2. A weight bench with dumbbell supports comprising:
a flat, elongated bench having a top surface, a bottom surface, a head, and a foot;
an elongated bench support having a first horizontal portion, a second vertical portion with a top end and a bottom end wherein said top end of said second vertical portion extends perpendicularly downward from said first horizontal portion, and a T-shaped foot extending horizontally from said bottom end of said second vertical portion and connected to said bottom surface of said bench wherein said horizontal portion is parallel to the longitudinal axis of said bench;
a vertical support assembly having a first vertical leg with a top, a bottom, an outer face, and an inner face, a second vertical leg parallel to said first vertical leg and having a top, a bottom, an outer face, and an inner face wherein said inner face of said second vertical leg faces said inner face of said first vertical leg, a lower horizontal rung perpendicular to said first vertical leg and joining said inner face of said first vertical leg to said inner face of said second vertical leg, and an upper horizontal rung having a top surface and a bottom surface and parallel to said lower horizontal rung and joining said inner face of said first vertical leg to said inner face of said second vertical leg and connected on said top surface of said upper horizontal rung to said bottom surface of said bench wherein said bottom surface of said bench resides on said top surface of said upper horizontal rung but is not permanently affixed to said top surface of said upper horizontal rung;
a first dumbbell support connected to said first vertical leg of said vertical support assembly;
a second dumbbell support connected to said second vertical leg of said vertical support assembly;
a first weight rest connected to said top of said first vertical leg of said vertical support assembly; and
a second weight rest connected to said top of said second vertical leg of said vertical support assembly;
wherein said first dumbbell support and said second dumbbell support are formed with a vertical shaft having a top vertical portion with a top end and a bottom end and an angular lower leg portion with a first end joined to said bottom end of said top vertical portion and a second end and further comprise:
a first dumbbell weight receptor connected to said top end of said vertical shaft of said first dumbbell support; and
a second dumbbell weight receptor connected to said top end of said vertical shaft of said second dumbbell support;
wherein said first dumbbell weight receptor and said second dumbbell weight receptor are elongated plates having a first end, a middle, and a second end wherein said middle is horizontal and perpendicular to said top end of said vertical shaft of said first and said second dumbbell support, respectively, and said first end is angled upward, and said second end is angled upward; and
wherein said second dumbbell support further comprises:
a flat mounting bracket formed with a plurality of transverse apertures and connected to said second end of said lower leg portion;
a plurality of fastening bolts connected to said second dumbbell support wherein said bolts pass through said transverse apertures in said mounting bracket and through said transverse apertures in said second vertical leg of said vertical support assembly; and
a plurality of nuts connected to said bolts wherein one said nut is connected to each said bolt.
Description
BACKGROUND OF THE INVENTION

1. Field of the Invention

The present invention relates to a bench for use in connection with supporting free weights used in weight training associated with physical fitness.
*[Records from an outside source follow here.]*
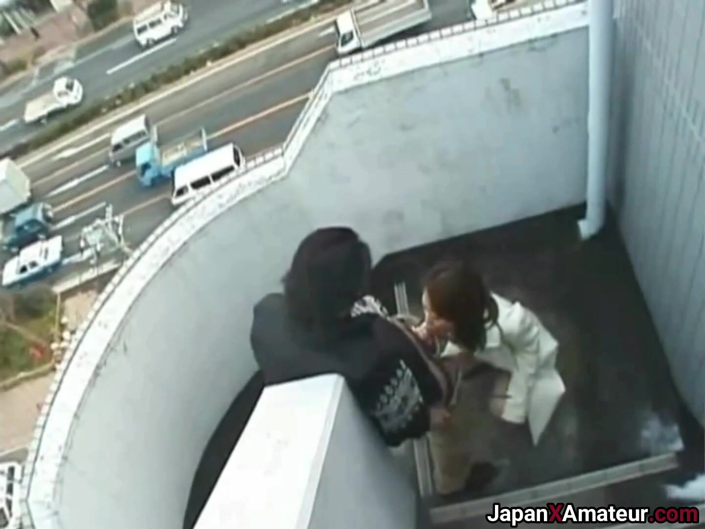 Uncensored Asian: Japanese Girl With A Cute Laugh Giving A Blowjob And Getting Fucked On Apartment Stairs | Porn GIF Video
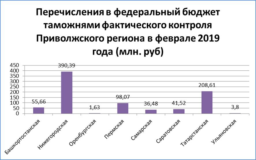 За 2018 год наибольшее количество экспертиз было назначено Татарстанской, Нижегородской, Самарской таможнями. Из переданных Нижегородской таможней образцов в 103 случаях выявлены нарушения, возбуждено 27 дел об административных правонарушениях, 1 уголовное дело.
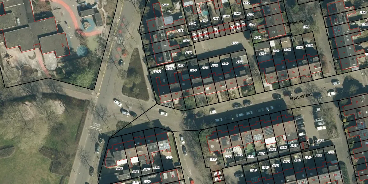 Het perceel waarop Hartelstein 52 staat heeft een oppervlakte van 162 m². Dit is een middelgroot perceel. De perceeloppervlakte wordt geregistreerd door het Kadaster. Gedetailleerde informatie over de maten van dit perceel kunt u vinden in het rapport Kadastrale kaart met maatvoering van Hartelstein 52.
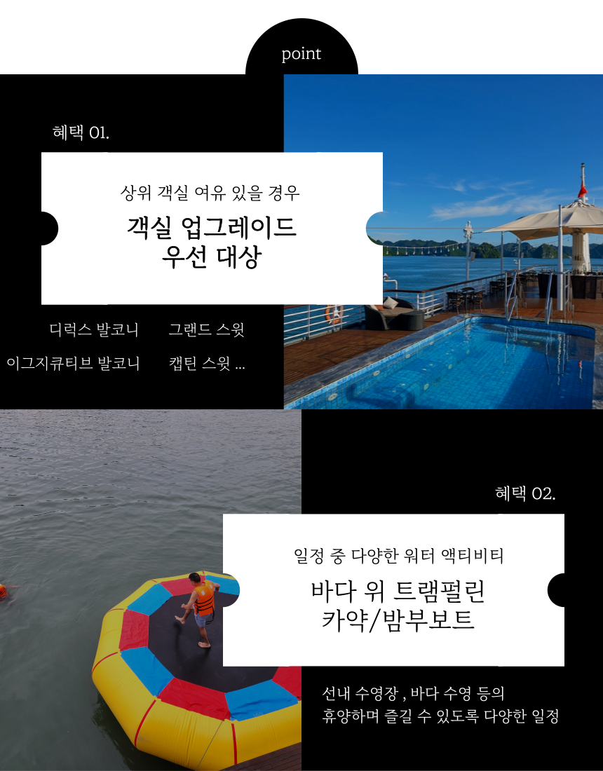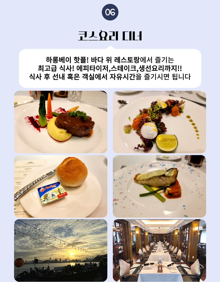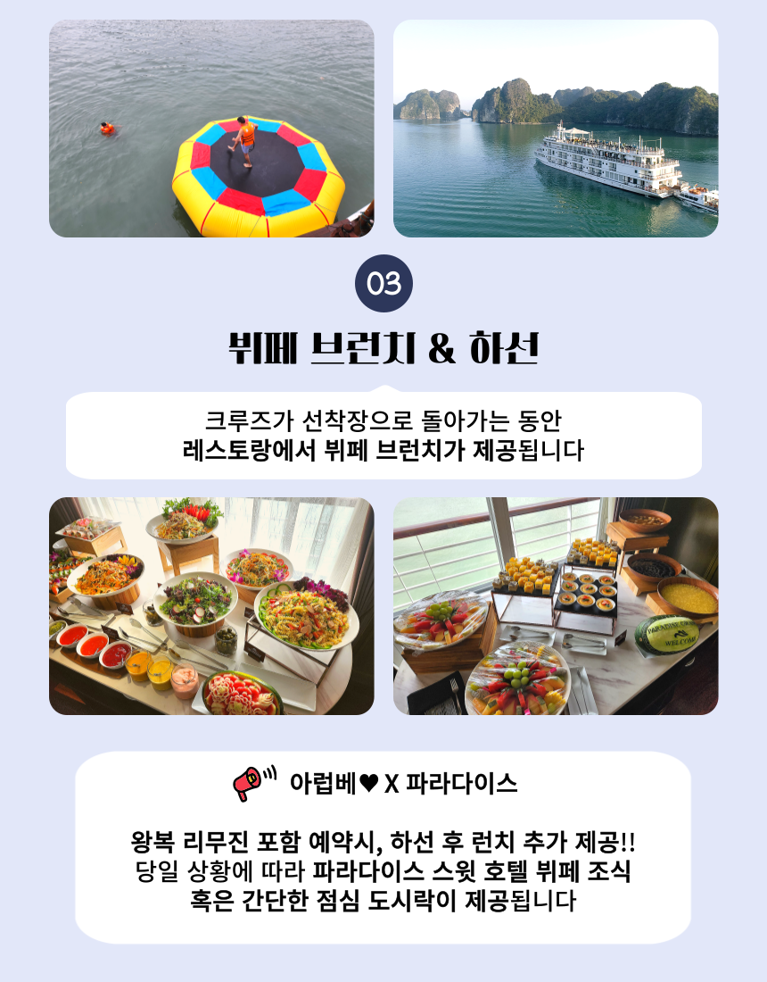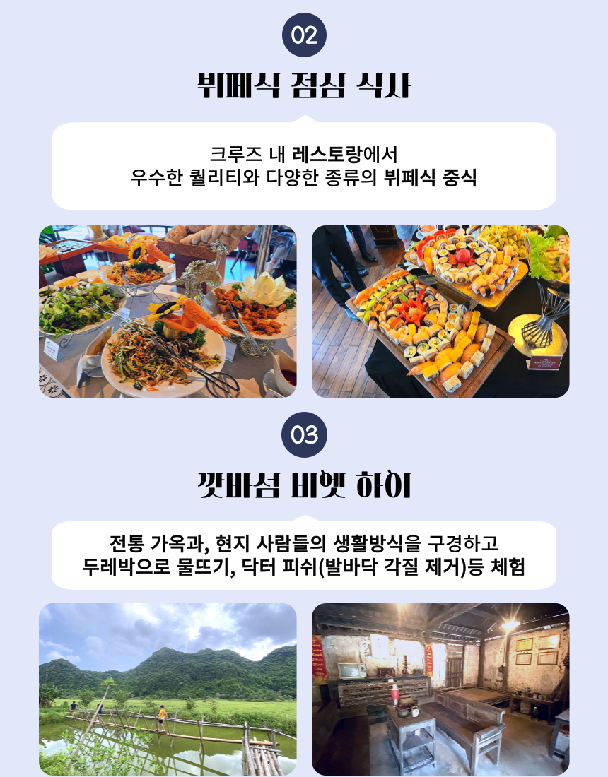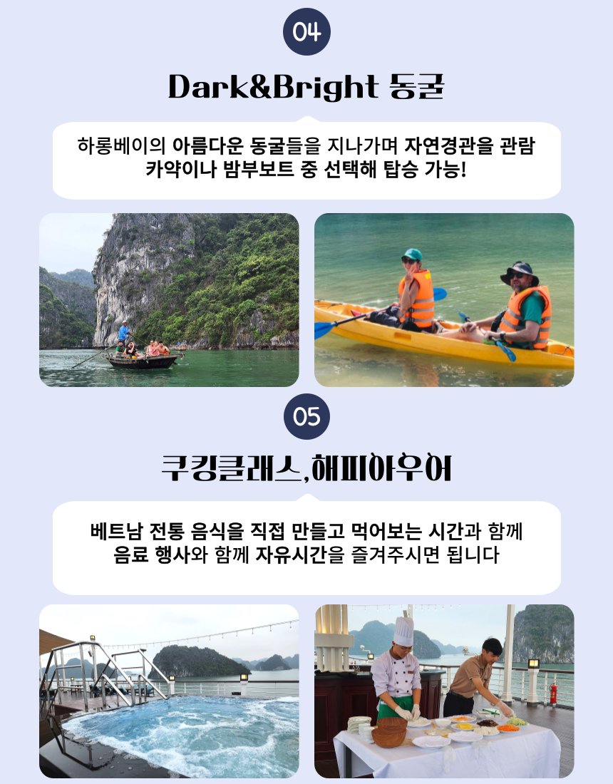 이렇게 상품에 대한 간단한 설명을 드렸구요. 저희 아이러브베트남에서는 정확한 정보 전달을 위해 당연히!!! 짧은 주기로 해당 크루즈를 직접 방문하고 있습니다 ! 주의 ! 저희처럼 상세한 설명이 없다면 직접 다녀오지 않고 판매하는 경우가 많으니 주의하세요 그럼 여행 일정을 세세히 살펴보도록 하겠습니다~ 레츠 고우!!!👉👉 * 지금부터 이하 내용들은, 당일 크루즈 현장 상황에 따라 예고 없이 변경될 수 있습니다.

The weight bench with dumbbell supports has particular utility in connection with supporting both dumbbell and barbell style weights.

2. Description of the Prior Art

Fitness enthusiasts have recently returned to weightlifting as a popular method for their workouts. Weight training can be used to build muscular strength while increasing stamina since the lifter must both balance and lift weights mounted on opposite ends of a lifting bar, thereby exercising the entire cross sectional area of muscle. One of the most common and effective weightlifting techniques to increase overall muscle strength requires the weightlifter to repetitively lift a predetermined weight until his or her muscles have reached a point of nearly complete physical exhaustion. To avoid injuries during this procedure, it is a common safety practice to engage the assistance or a spotter or lifting partner whose function is to observe the weightlifter during the exercise program and provide assistance, if necessary, as the weight lifter approaches the point of failure or if the weightlifter loses control of the barbell. When a weightlifter includes dumbbells in his workout regimen, additional problems come in to play. If a spotter is not used, the dumbbells are typically lifted from the floor while the weightlifter is lying on a weight bench, causing undue strain on the shoulders, elbows, and wrists. Additionally, the weightlifting exercises must then be started from a lower than desirable position, again subjecting the various parts of the arms to undue pressure. Therefore, it would be advantageous to the weightlifter to have a weight bench which supported a similar starting position for both barbell and dumbbell weight exercises. This would allow the individual to perform more repetitions, thus enhancing the workout, and would reduce the risk of muscle strains and injuries, thereby enhancing safety. In addition, a bench that provided dumbbell supports would eliminate the need to ask another person for help when starting repetitions, allowing a fitness enthusiast to work out in a timesaving and efficient manner.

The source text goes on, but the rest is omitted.